When I was a child, my parents granted me the special privilege of having a television set in my room. I spent more time than I would like both in, and on, my bed. I converted my bed into a ship, booking passage to far away places. When my books grew boring, I turned to television. My father had purchased a “remote control” unit that plugged into the small black and white television I had been privileged to receive. The remote control consisted of a long cord ending in a small cylinder with a button. On/off functions were the total of its functions. I memorized the theme songs (and wrote lyrics when I deemed it necessary) to the Dick VanDyke Show, Bewitched, The Andy Griffith Show, Petticoat Junction, I Spy, Star Trek, The Man from Uncle, Laugh-in, Superman, The Partridges, the Waltons and multitudes of others. With the advent of readily accessible digital recordings, characters, plots and music from my past can now spill directly out of my laptop in some kind of distorted mirror of my childhood memories. Thanks to Infinity, curtesy of Comcast, I can slow down, stop moving so fast. I manage to make the morning last.
More than forty years have passed. My bed is larger, my boat sails further.
Now I am watching shows with more complex plots and less memorable theme songs.
Many are British or less-favored American shows such as: Doc Martin, Monarch of the Glen, Persons Unknown, Inspector Lewis, A Touch of Frost, and Kidnapped. In addition, a whole new genre of reality shows was spawned. It is simply impossible to compare The Bachelor or Survivor with Murphy Brown or Get Smart. They are in a league of their own.
There are people who have opined that television is a contributing factor to the downfall of American culture and literacy. What if they are wrong? I have managed to read one to three books a week for my entire adult life. I am inspired by how both books and television provide grist for the mill.
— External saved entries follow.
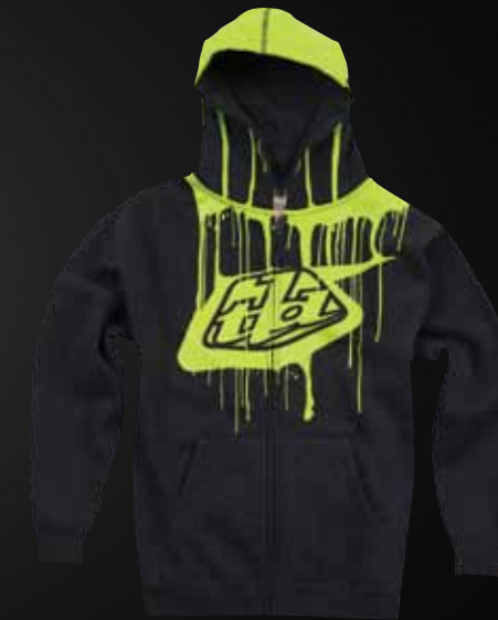
280g 80% cotton/20% poly fleece, allover front/hood graphic, woven pinch label on cuff
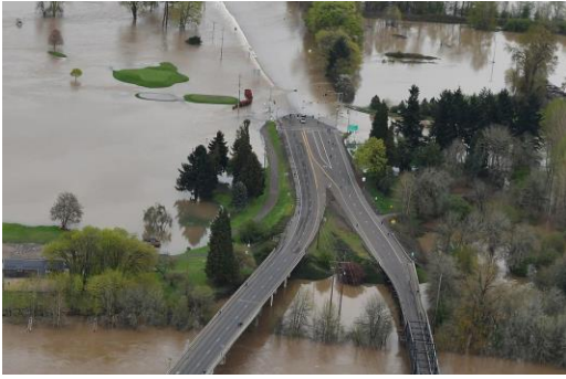
Corvallis - Highway 34 - April 2019
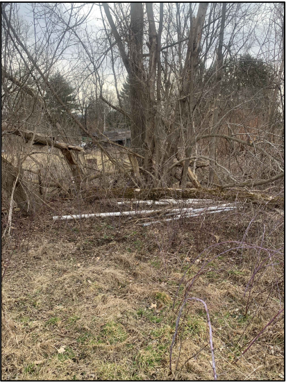
PHOTO 10 CONTRACTOR RESPONSIBLE FOR REMOVAL OF PVC PIPE
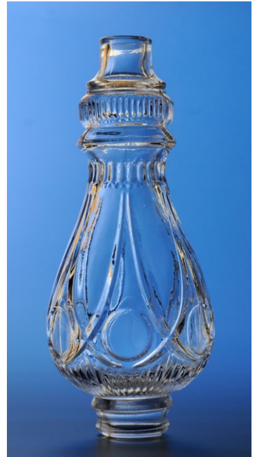
Putsch 670 5270/230
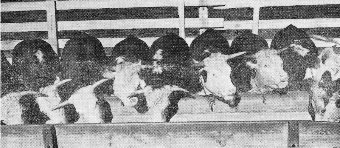
Horned Cattle at Feed Bunk.
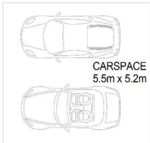
UNDER GROUND LEVEL
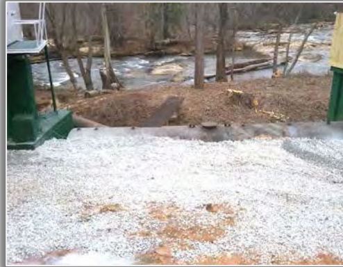
Infrastructure was upgraded to accommodate the project.
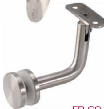
EB 02 Elbow Connector to Glass
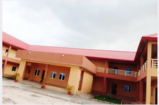
NEW BENIN OFFICE
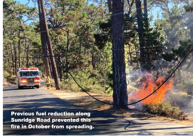
Previous fuel reduction along Sunridge Road prevented this fire in October from spreading.

"There was a significant wind that day, and we could have lost three or four acres if the area hadn't been cleared," said Chief Silveira. "Fuel reduction is an ongoing effort. We will continue to treat new areas, and maintain places that we have already treated."
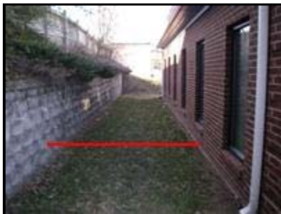
2.5 Picture 1

2.5 Negative slope towards left side (facing front), right side, and rear. The slope in this area is not likely to drain water away from the building and no swale or alternative measures other than some catch basins in the rear and right yard were visible. Repairs are advised to keep water away from the foundation. Recommend further evaluation and repair as needed by a qualified licensed general contractor.
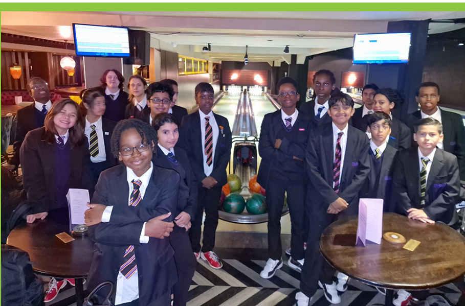
Year 8 students enjoyed bowling - their reward trip for this half term!

If you would like your child to receive the flu spray /vaccination, can you complete the online consent form. https://london.schoolvaccination.uk/flu/2023/towerhamlets
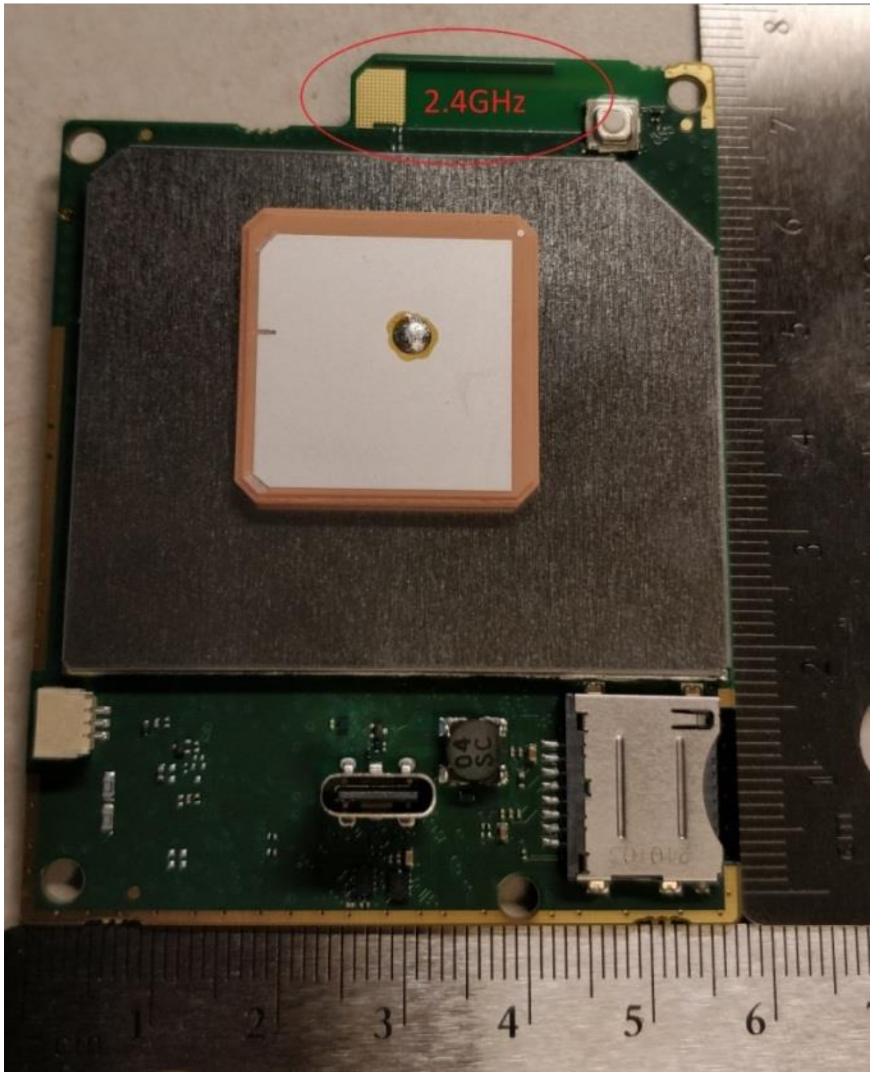
Back Side with Shield and 2.4 GHz Antenna

Rogers Labs, Inc. 4405 West 259 th Terrace Louisburg, KS 66053 Phone/Fax: (913) 837-3214 Revision 1
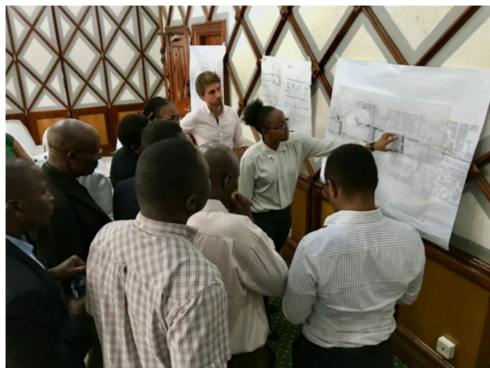
A street design workshop organised by NAMATA
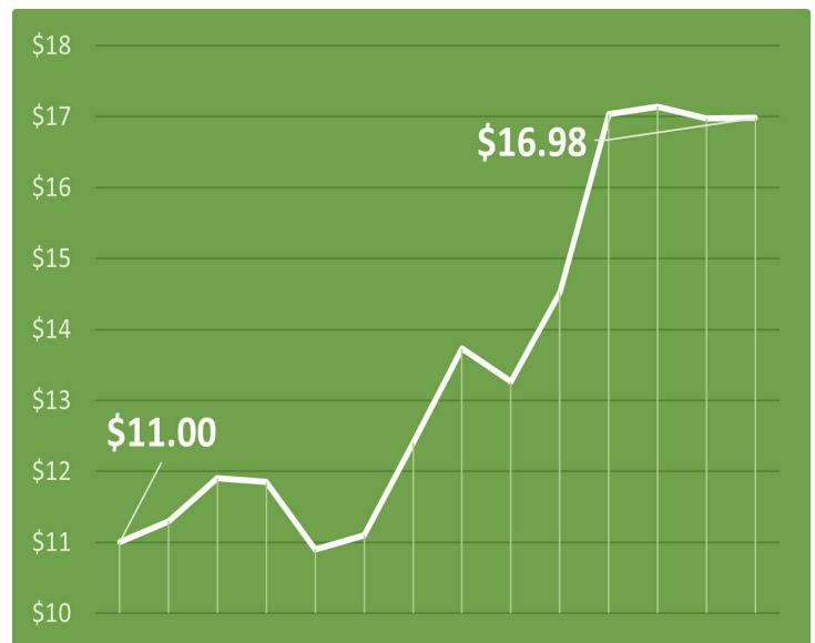
12-MONTH END 2012 - 2025 (in billions)
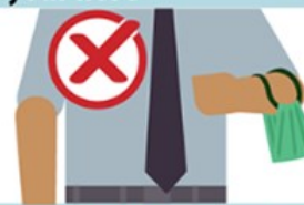
On your arm
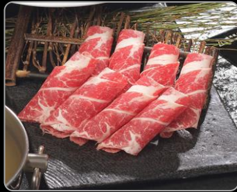
ANGUS BEEF Less fatty and tougher than the fatty beef
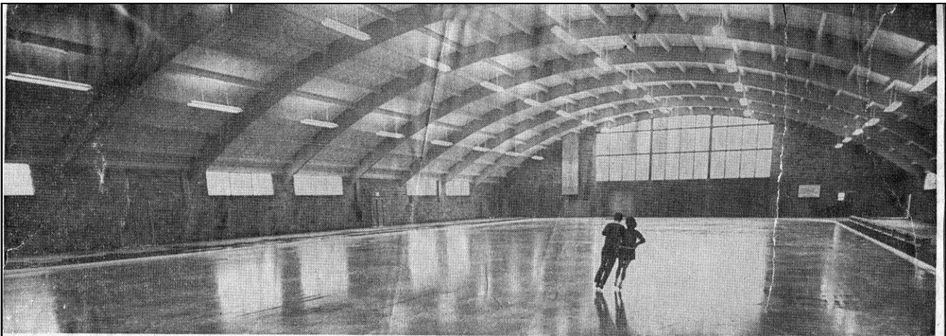
ROOM AT THE RINK—A couple glides over ice at Wilmington Skating Club's new $450,000 indoor
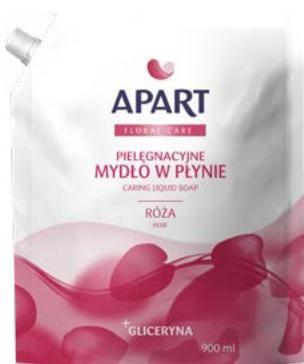
Caring Liquid Soap Rose, refill 900 ml
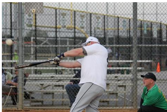
This may be "outta here"...
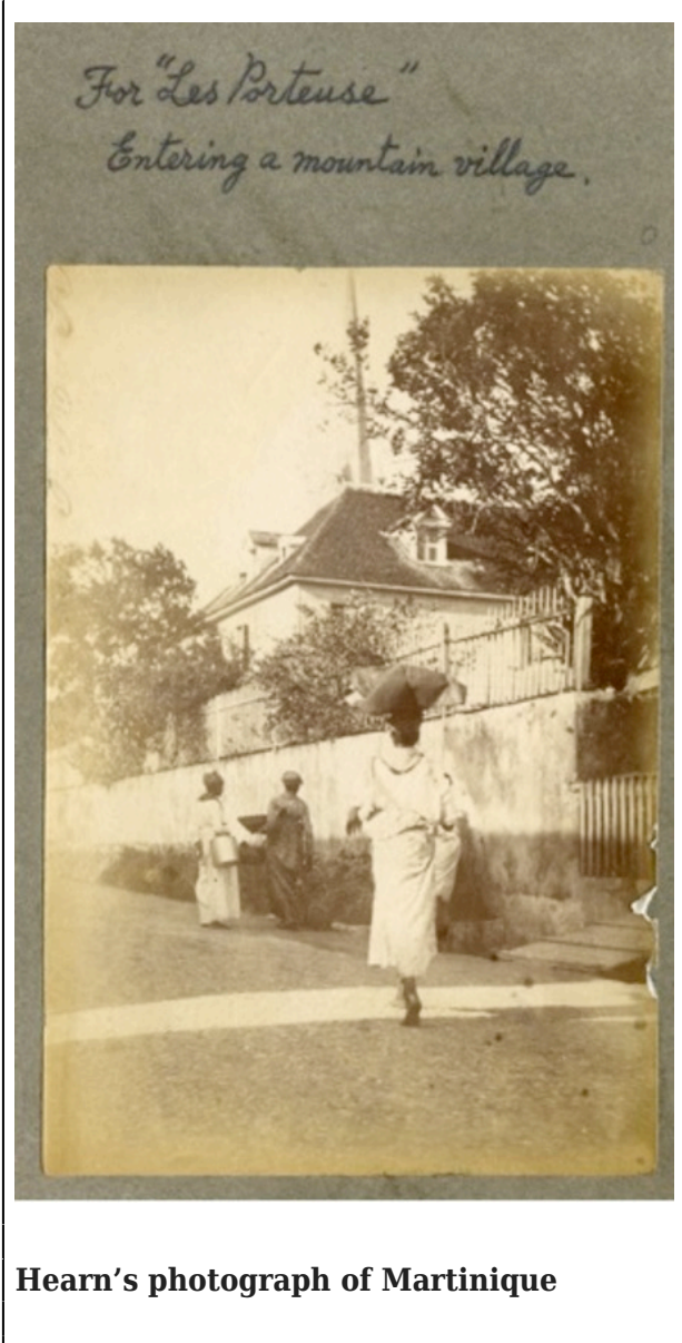
Hearn's photograph of Martinique

Had he lived another two or three decades, he would have been appalled at the manner in which the self-aggrandizing powerbrokers in the cultural establishment of Japan used him for the purposes of justifying incursions into Asia. He loathed the modern Japanese male and what he stood for, and in this he recognized the futility of his task, a futility keenly felt toward the end of his years, where he heard “nothing but soldiers and the noise of bugles.”
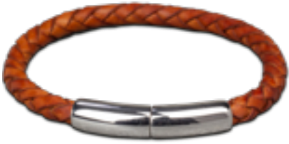
FPU 603 Glossy Length available in: S – M – L – XL
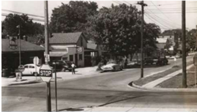
Left: Lafayette Street prior to urban renewal.
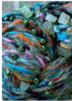
jade / sage
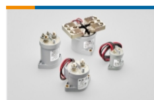
General Purpose Contactors(4)
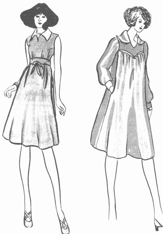
Fig. 4. Attractive styles fall loosely from the shoulders or may be semi-fitted.

To de-emphasize the middle contour, focus attention upward with attractive necklines and yokes, colorful scarfs and jewelry or decorative trim near the face.
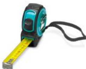
Tape measure, 5 m

Please be informed that the data shown in this PDF Document is generated from our Online Catalog. Please find the complete data in the user's documentation. Our General Terms of Use for Downloads are valid ( http://phoenixcontact.com/download )

I am able to synthesize new thoughts.
What I know for sure is that I am grateful to have a companion that does not require feeding, responds to my commands, serves to distract and educate me and grants me free-range on a planet of which I have seen little.
I continue my love affair with books, but I definitely have a place for television in my life.
Day 36

Friday, October 14, 2011

A Self-Proclaimed Foodie



I was not born into a foodie family. I have compiled sufficient data to support this claim. When I joined Ancestry.com, I expected to streamline the stack of notes and scraps of paper that I have accumulated over the past forty years. My filing system consisted of placing anything to do with my ancestors or my husband's family into a folder called "Heritage." It was my intent to coalesce the data so I could create a family tree for my children. With the accessibility of actual documents from both the United States and Europe, I am able to trace my family tree as far back as 1642! Nothing about what I read about my British, Scottish, French and German forbearers suggested an extravagant love of food. (Witchcraft, that is another story. A blog-worthy one at that!) More accurately, as I leaf through the past, I sense a well-honed practice of parsimony. I imagine diets based on food on hand; bread pudding to use up yesterday's stale bread heels, shepherd's pie to reengineer leftover meat and naturally the ubiquitous potato. The preferred beverage, tea, was likely served six times a day. That requires nothing more than tea leaves and water.
The solid Portuguese legacy that makes up my husband's family suggests a long history of life on, or, near the ocean. It is easy to imagine that, particularly the women, of his family developed cooking skills that reflected their culture and their pasts. I have copied many more recipes from his family than from my own. The Portuguese people make use of the riches offered up by the region and its proximity to Mediterranean Sea. The meals are colorful, rich with olive oil, deep red wines, fresh-slaughtered kpork, air-filled yeasty breads, goat cheeses and sweet grapes.
Ah, but I digress. My own affection for food was inadvertently revealed at a very public venue.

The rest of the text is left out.